Kirstin Hamlyn and Marcy Chartier, from Microsoft’s customer and market research team, used surveys as an example of a wider theme: When you solve for one (an individual with a specific physical or cognitive need) you can improve your products for everyone. By developing tools allowing blind and partially-sighted respondents to take surveys quickly, for instance, you are also developing tools that can make surveys on voice-activated home assistants more practical, or help people navigate other complex choice systems. By designing packs that can be opened one-handed, you are helping users with missing limbs, but also users who are carrying a phone, a baby or a heavy bag.
Some of the futures on offer at IIEX were controversial. In the exhibition hall, there was debate among those who felt much of the AI and machine learning on offer was old wine in new bottles. Judging from the presentations and the exhibitors I saw, there seemed to be a real shift. The statistics behind the tools aren’t always new, but the emphasis among vendors and users was more on practicality and power. The promise of new platforms is that they will democratize machine learning software and bring unstructured data sources together more easily and at a bigger scale.
I was less convinced by the inevitable rash of presentations on Generation Z, who have now firmly displaced Millennials as the hot demographic at marketing events. What we’ve been told about Gen Z—their digital lives, the need for convenience, their spending power—was also said about Millennials. None of the presentations I saw offered anything very convincing on how the two are different. There’s a welcome backlash against the domination of generational cohorts as the only broad consumer segments marketers care about, and an awareness that the picture might be a little more nuanced. In the future, consultants looking to sell generational analyses will need more than a sprinkling of brands, slang and cornball “How many of these apps do you recognize?” slides.

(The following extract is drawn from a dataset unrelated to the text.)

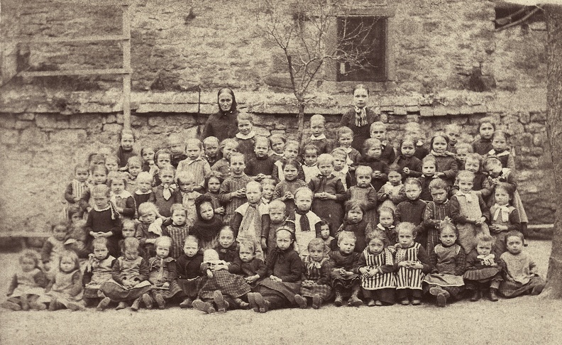 Erste Fotografien aus der von Louisa Graham ins Leben gerufene "Kinderschul" etwa 1865 in Handschuhsheim. Obere Kirchgasse, gegenüber der ehemaligen Lutherischen Kirche. Hier über 80 Kinder mit 2 Betreuerinnen!

The centrepiece of IIeX is its Insight Innovation competition, whose past winners include insight platform Zappi and AI firms Remesh and Decooda. This year the prize went to UXReality, which promises to turn any smartphone into a usability testing lab.
Elsewhere, 13 new speakers made their conference debut in a track organized by market and social researcher Annie Pettit. The enthusiasm, energy and intelligence on display here often put the rest of the event to shame. Hannibal Brooks, an insight associate at Olson Zaltman, was a deserved winner for his standout presentation, “How To Sell Time Travel Convincingly.” Brooks raided marketing’s archives to uncover how the marketers of 80, 100 and 200 years ago had sold the high-technology of their own day, from airplanes to telephones to portable ice.
If you break down people’s fears by using metaphor and familiar analogies, introducing innovation becomes a lot easier. In an event packed with the future, it was a handy reminder that marketers can still learn a lot from the past.